Imagine this: You walk into a company named Beyond Gravity and walk out feeling like you’ve just been pulled back to Earth by a broken shoelace.
From the outside, the company markets itself as space-age, agile, next-gen. From the inside? It’s an old-school spreadsheet scramble dressed in startup gear. The interview process spanned two long, detailed interviews across German, Portuguese, and English — where I laid out multi-country operations strategy, stakeholder workflow reforms, absolutely in with Excel logic models, onboarding protocols, error correction flowcharts, and more. I didn’t just show up — I delivered blueprints.
They were hiring someone to do everything:
• Be the expense gatekeeper for Switzerland.
• Lead Portugal’s rollout of their new software (ETA: one day) + SAP HR platform.
• Build SOPs.
• Create reporting systems.
• Integrate payroll touchpoints.
• Teach employees how to behave.
• And yes, remind people to upload their Uber receipts.
All under the title of “specialist,” but they wanted a team lead, analyst, trainer, and firefighter rolled into one — on a specialist’s salary, presumably.

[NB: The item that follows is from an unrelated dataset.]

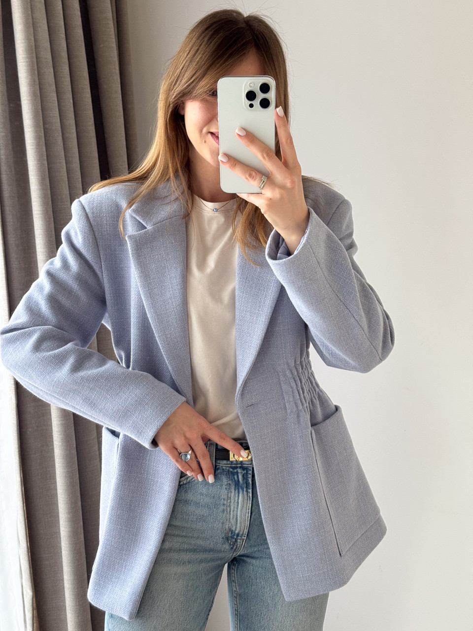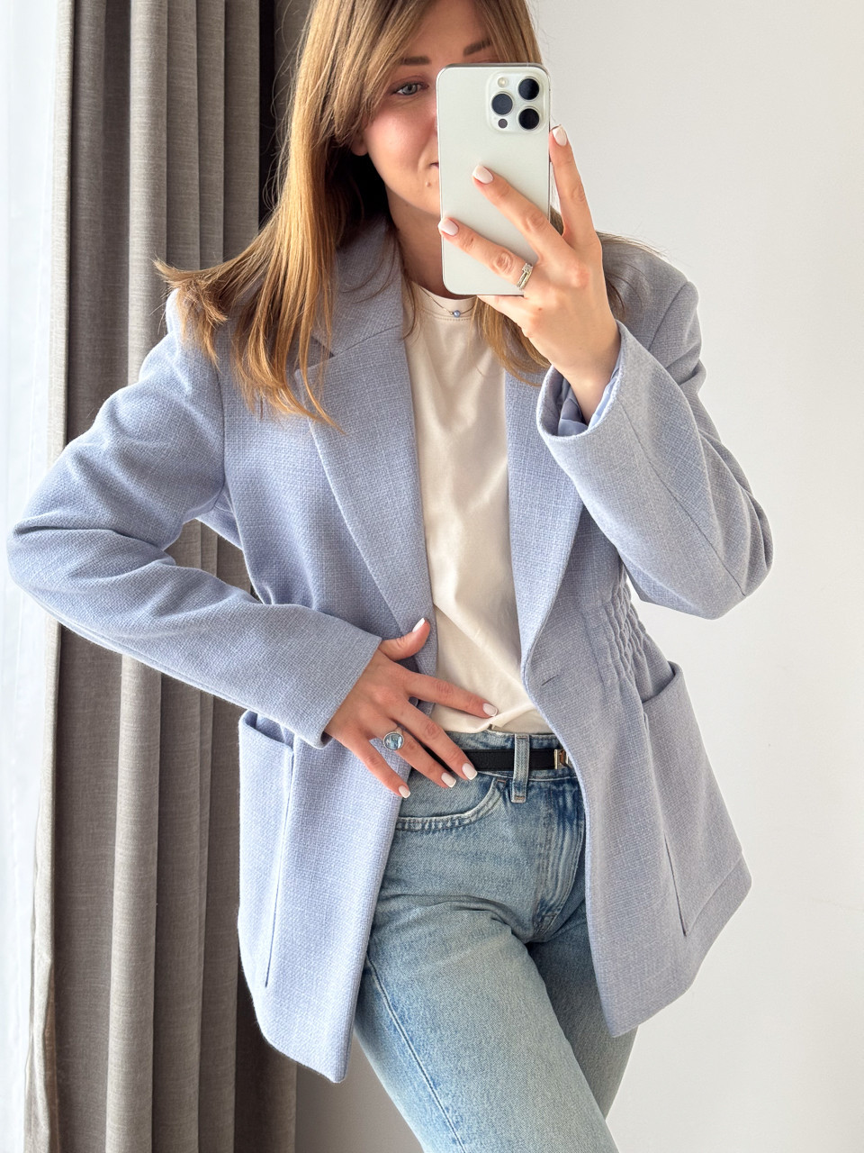 Stylowa i elegancka marynarka! Cudownie można ją wykorzystać na casualowe wyjścia, ale również w eleganckich zestawach. Kolor zachwyca klasyczną nutą! Noś z koszulkami i dzinsami lub dołóż cygaretki.

And what do you get after investing hours of time across two multilingual rounds, live demos, and cultural alignment?
Nothing. Just a basic space rejection on a Sunday at 10 PM. This wasn’t an interview. It was a consultancy disguised as hiring.
Beyond Gravity sounds stellar in theory — rockets, satellites, the works. But if your hiring process can’t even land properly on the basics of follow-up, respect, and clarity, then maybe you’re not as ready for launch as you think.